# Chi-Angus cross



## azmike (Jan 4, 2015)

I just joined this great forum, partly cause I am considering buying a Chi-Angus bull as my herd sire. Any thoughts? Our program is mostly range cattle now but we have been adding better (black) heifers as we can afford to. Sold our longhorn stock and bull to a roper breeder. Trying to avoid not making money with cattle!


----------



## Lostin55 (Sep 21, 2013)

First of all, welcome to haytalk. 
To be honest I had to google the chi angus to even know what it was. We run angus and angus cross. Whatever works for you and your program, go for it.
When I looked it up every sight looked like a sales pitch. It brought to mind emus, ostriches, and mini cattle. I would hope it isn't. Hybrid vigor is not a new concept.


----------



## Bonfire (Oct 21, 2012)

I have one. Some people don't like the temperament of the Chi. My goal is to add some muscling ability to the terminal cross. Is polled vs. horned an issue with you?


----------



## Vol (Jul 5, 2009)

I have had Chi cattle.....and they can be hot blooded.....especially inside a building....but were pretty normal outside. For your purpose of range cattle I think they will be just fine. You need something with a little grit in your country as range cattle.

Regards, Mike


----------



## IHCman (Aug 27, 2011)

a neighbor used chi bulls about 25 or 30 years ago. Those things were Crazy! Wild and flighty wouldn't describe those cows. All of us that helped him work his cattle were glad to see the last of his chi cows go down the road.


----------



## azmike (Jan 4, 2015)

Thank you Gents, My sons and I bought an Angus bull from a proven breeder locally. We are putting 60 acres of our irrigated fields in bermuda for a rotational (8 paddocks) pasture system. Slightly salty water @43'. Another 80 acres is divided in alfalfa and sudan/sorgo summer hybrids. Tough buying many breeders in this market though.


----------



## Vol (Jul 5, 2009)

Your way down there Mike....have you had any trouble with illegals and your cattle? A Chi bull might just be the ticket for a little insurance.

Regards, Mike


----------



## azmike (Jan 4, 2015)

I am 7 miles off the line, mid-90's were worse than now. We lost a calf this spring but didn't find any camps etc.


----------



## Trillium Farm (Dec 18, 2014)

Vol said:


> I have had Chi cattle.....and they can be hot blooded.....especially inside a building....but were pretty normal outside. For your purpose of range cattle I think they will be just fine. You need something with a little grit in your country as range cattle.
> 
> Regards, Mike


I've heard that the purebred were OK, they only had problems when crossed and that was that they jumped fences.


----------



## azmike (Jan 4, 2015)

We found some very nice heifers here in AZ. Hereford/angus "Baldies". Some bred others open (young). The Chianina cross did not play out as the ranch in TX could not produce info for us and everything else was too far away. We now have a promising bull and good looking heifers.

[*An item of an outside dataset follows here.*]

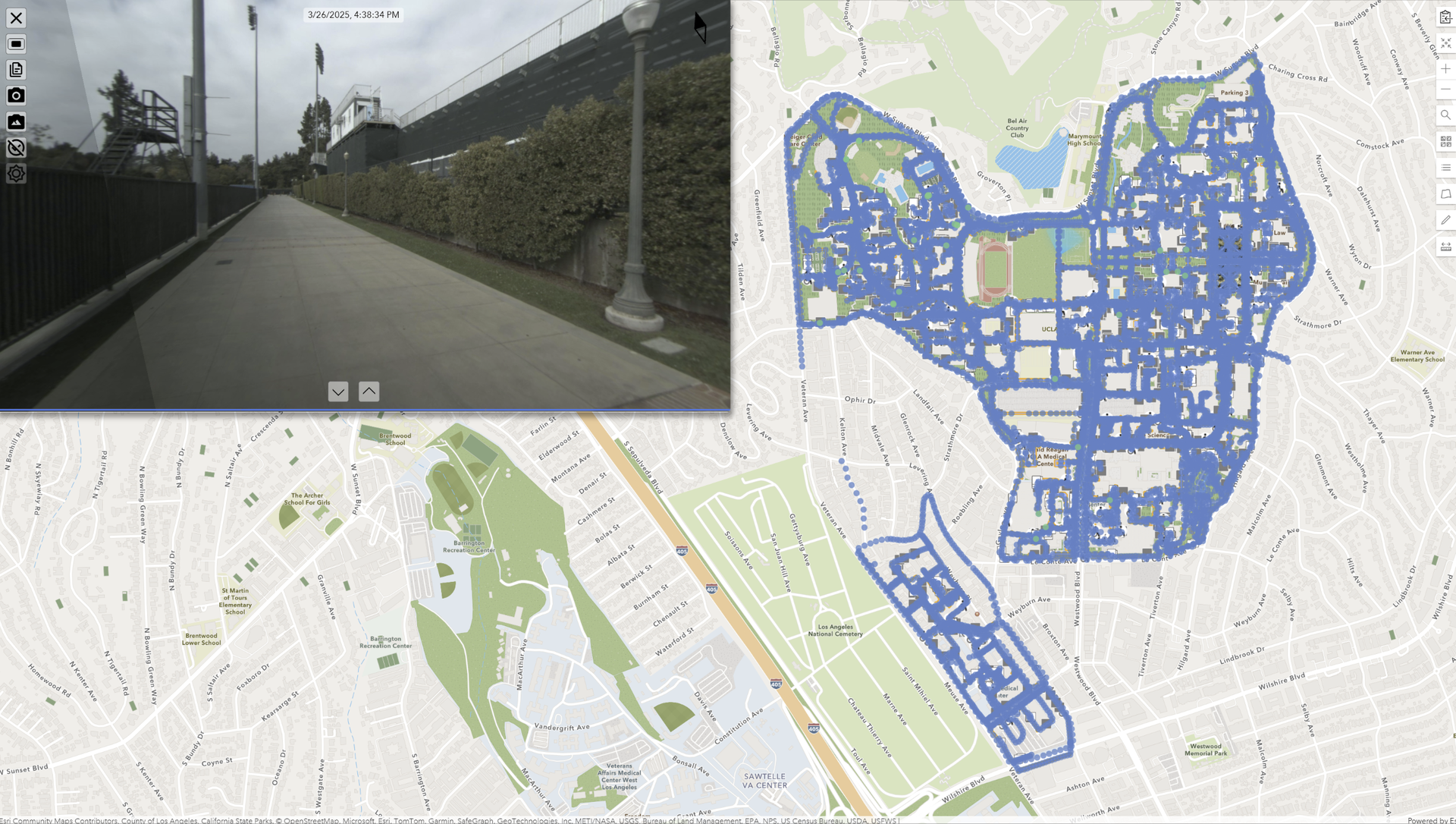 In early 2025, UCLA partnered with GeoCam to capture and modernize its pedestrian infrastructure data. The goal was ambitious but clear: to produce a high-accuracy, imagery-backed digital map of every sidewalk, pathway, ramp, and ADA-related feature on UCLA’s 419 acre campus.
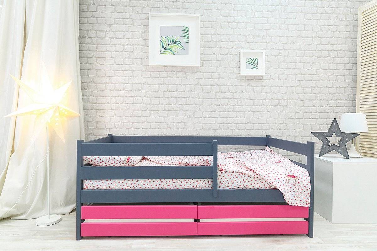 - Чтобы ребенок хорошо высыпался и не имел проблем с осанкой в дальнейшем, выбирают детские кровати от 2-3 лет с полутвердым наполнителем (или матрасом), которая будет выполнять ортопедические функции;

Next get the fields level and the bermuda knee high!


----------



## Vol (Jul 5, 2009)

Black Baldies are hard to beat....and they bring a premium....and have done so for the last 30+ years....probably one of the top 3 crosses of all time if not the top for general type market beef production.

When I got out of the beef business, we were running Chi cows and breeding with the best Hereford bulls we could buy. We had feedlot buyers beating my door down to buy our calves.

Regards, Mike


----------